SOURCE RECORDS below:
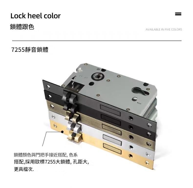 • 鎖體:屬於 7255 靜音鎖體,採用歐標規格,孔距大,整體品質與檔次較高,且有多種顏色可選,能與門把手接近搭配,實現和諧的色系搭配。
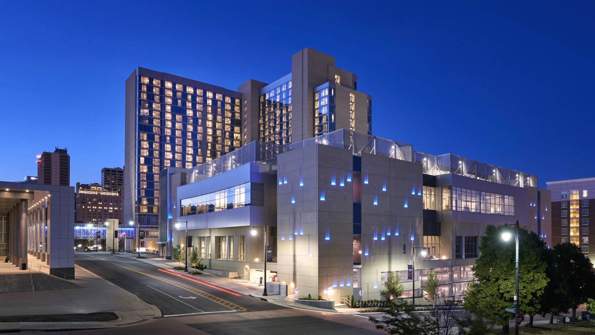 Opened in 2020, Loews Kansas City Hotel is a premier convention destination located in the heart of downtown. This modern hotel features 800 guestrooms, a lobby bar, multiple dining options, and an indoor saltwater lap pool. It connects directly to the Kansas City Convention Center via a pedestrian bridge, offering seamless access for event attendees.
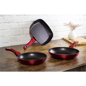 A szett tartalmaz 3 különböző méretű serpenyőt: O20*4.2 cm, O24*5.0 cm és O28*4,1 cm, valamint egy grill serpenyőt.
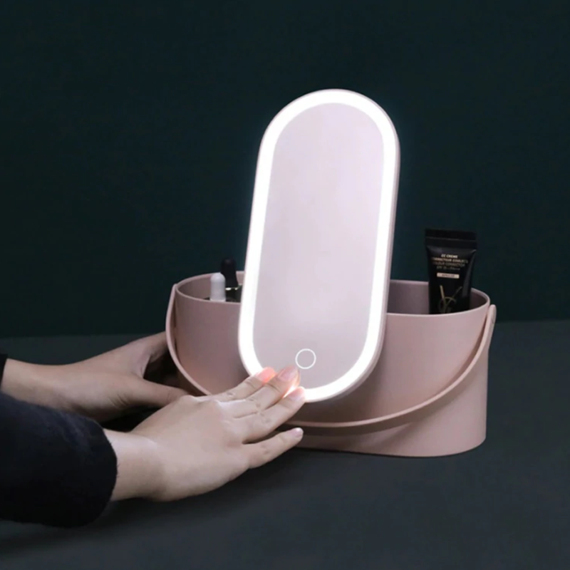 USB-rechargeable light: The organizer features a smart mirror with a USB-rechargeable light, so you can be flawless while traveling or when just having a quick sleepover.
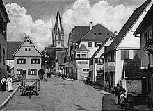 Blick in die Pfarrhausstraße1 hin zur Evangelischen Kirche. Links die östliche Rathausfassade. Das kleine Gasthaus »zur Ratstube« schließt sich an. Rechts vorne der ehemalige »Consumverein«, heute befindet sich dort die Metzgerei Bienzle. Dem Gebäude schließt sich das kleine Waschhaus mit der »Bäckerei Mezger (Kirchbeck)« an, dahinter die Flaschnerei Renz. Zwischen der Flaschnerei und dem folgendem Gebäude mit dem Erker zweigt die Schulstraße2 ab.
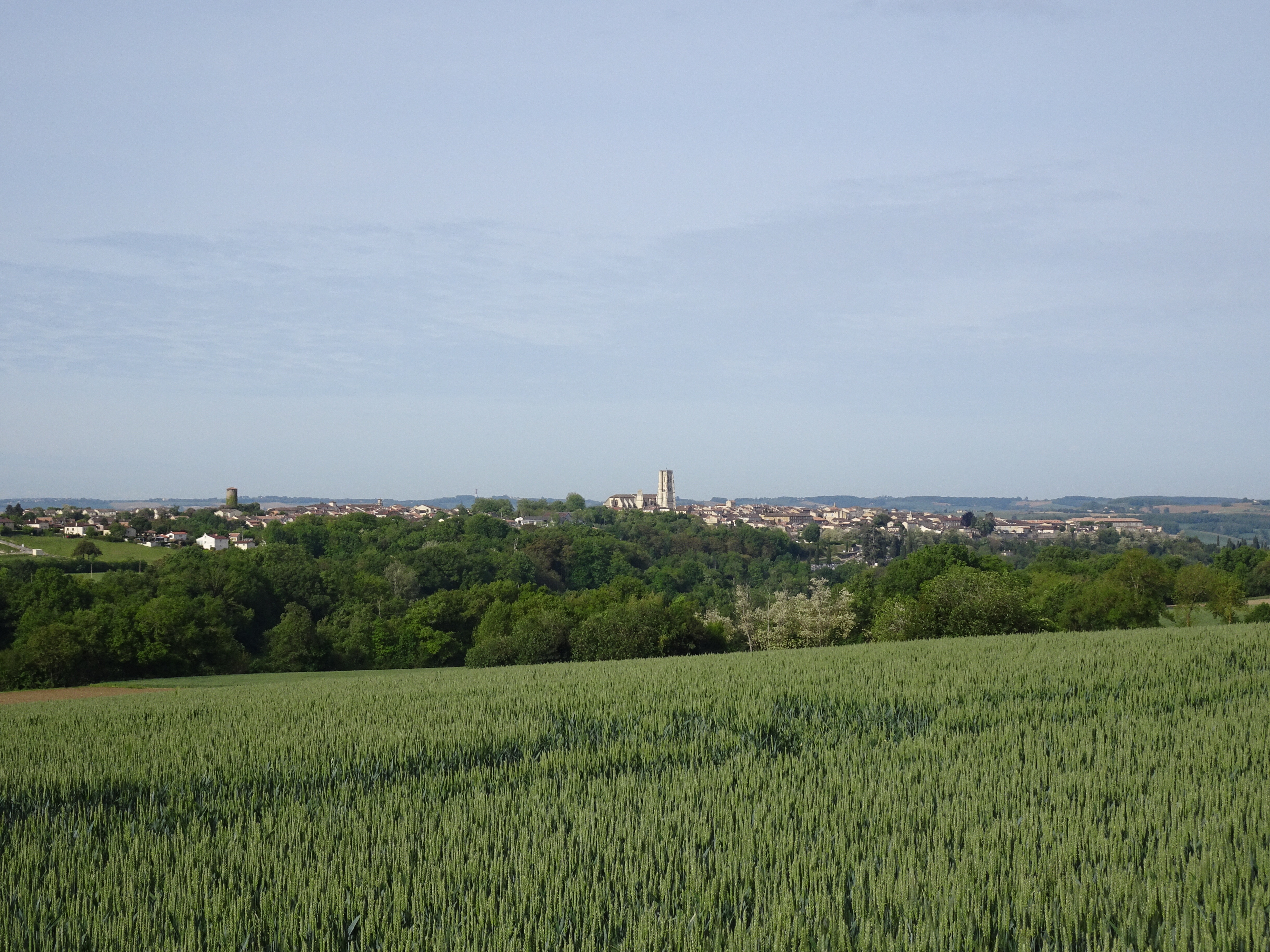 Après la nuit passée au gîte communal, dans une ancienne salle de classe ou 8 lits sont sommairement installés, une longue étape pour rejoindre La Romieu m’attend. Je pars tôt afin de pouvoir gérer au mieux l’effort et pouvoir visiter Lectoure qui selon mon guide (le Miam Miam Dodo) sera une étape inoubliable. Cette étape sans difficulté majeure est assez vallonnée puisque l’on marchera entre 80 et 210m d’altitude, au milieu des champs de blé et avant Lectoure des champs de fraises, de poireaux, ou bien d’aïl.
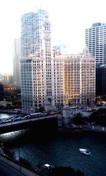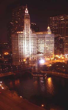 | View from hotel room facing northwest of the Wrigley Building and river in three lights (the Wrigley Building again) and, on another trip, the Agua Tower.
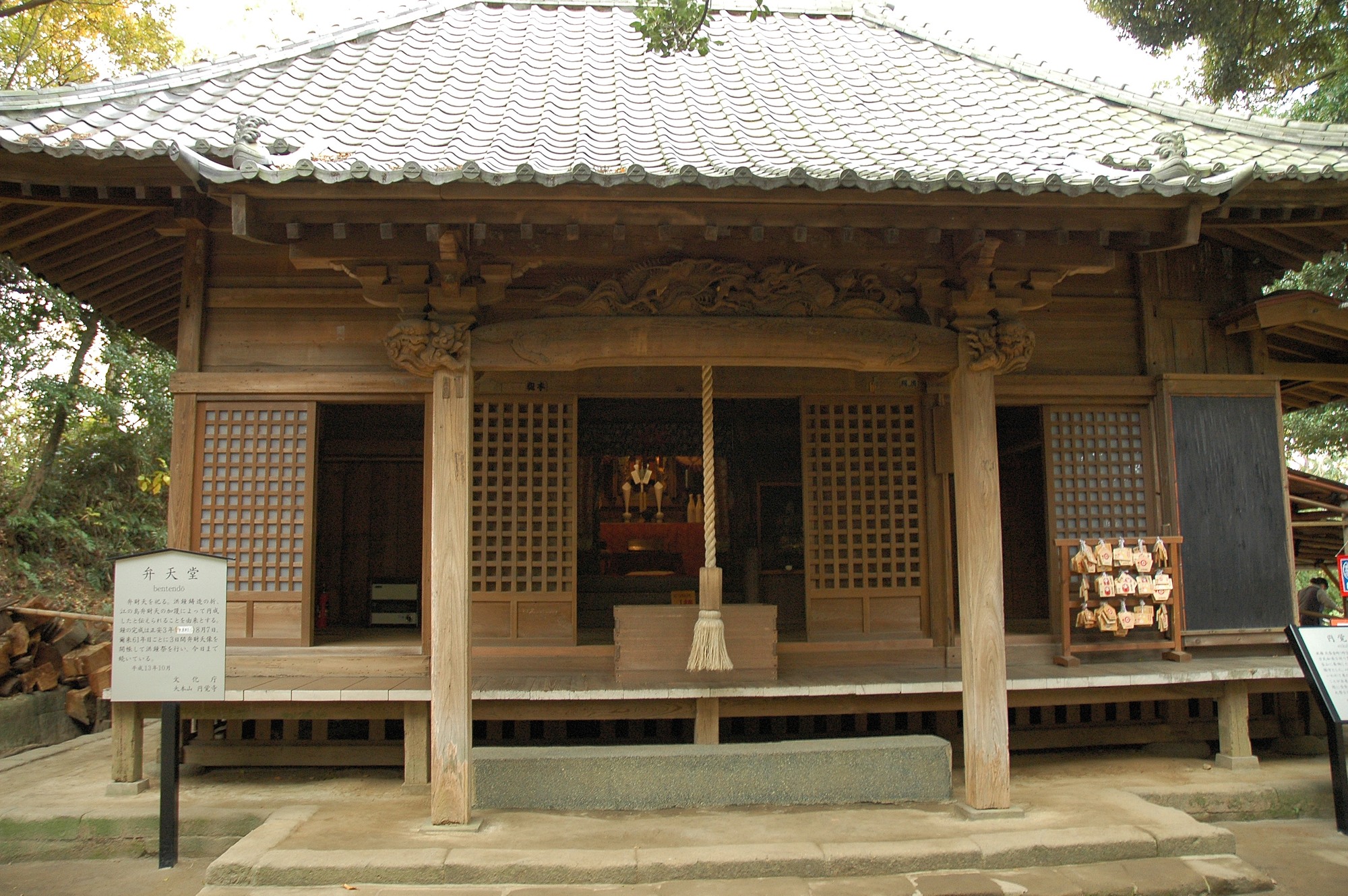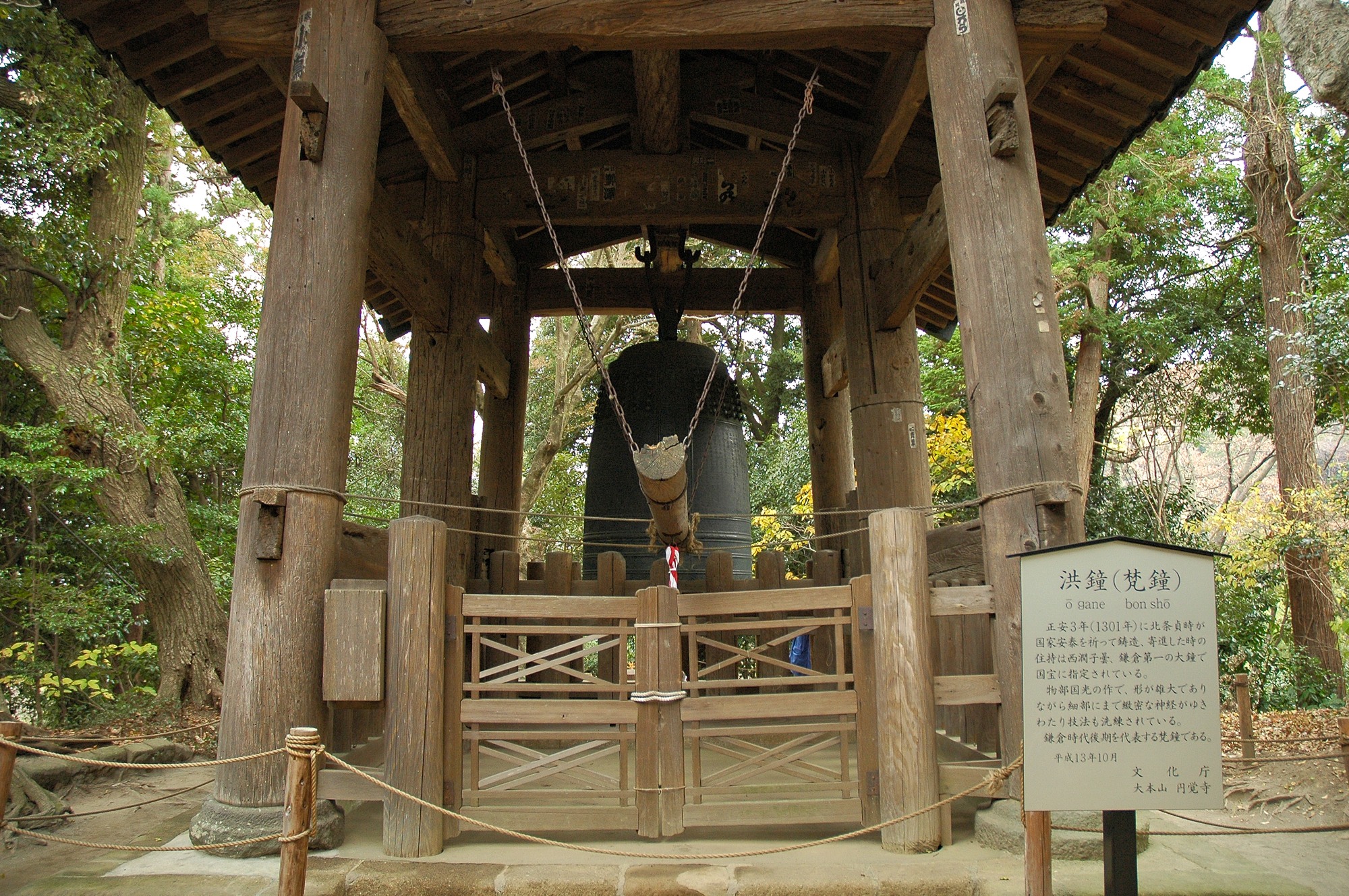 一通り撮影を終わらせて入り口の方へ戻ると、「国宝 洪鐘(おおがね)」との看板があったので見てみました。見ると洪鐘は別名「梵鐘(ぼんしょう)」とも言い、1301年に北条貞時が鋳造した鎌倉第一の大鐘であるとのことです。その向かいには「弁天堂」というのもありました。
End of SOURCE RECORDS.
**ASSIGNMENT**
Return only the lines from the one containing "Après la nuit" through the last line of the entries above, exactly as written and without pictures.

**ANSWER TO THE EXERCISE**
 Après la nuit passée au gîte communal, dans une ancienne salle de classe ou 8 lits sont sommairement installés, une longue étape pour rejoindre La Romieu m’attend. Je pars tôt afin de pouvoir gérer au mieux l’effort et pouvoir visiter Lectoure qui selon mon guide (le Miam Miam Dodo) sera une étape inoubliable. Cette étape sans difficulté majeure est assez vallonnée puisque l’on marchera entre 80 et 210m d’altitude, au milieu des champs de blé et avant Lectoure des champs de fraises, de poireaux, ou bien d’aïl.
 | View from hotel room facing northwest of the Wrigley Building and river in three lights (the Wrigley Building again) and, on another trip, the Agua Tower.
 一通り撮影を終わらせて入り口の方へ戻ると、「国宝 洪鐘(おおがね)」との看板があったので見てみました。見ると洪鐘は別名「梵鐘(ぼんしょう)」とも言い、1301年に北条貞時が鋳造した鎌倉第一の大鐘であるとのことです。その向かいには「弁天堂」というのもありました。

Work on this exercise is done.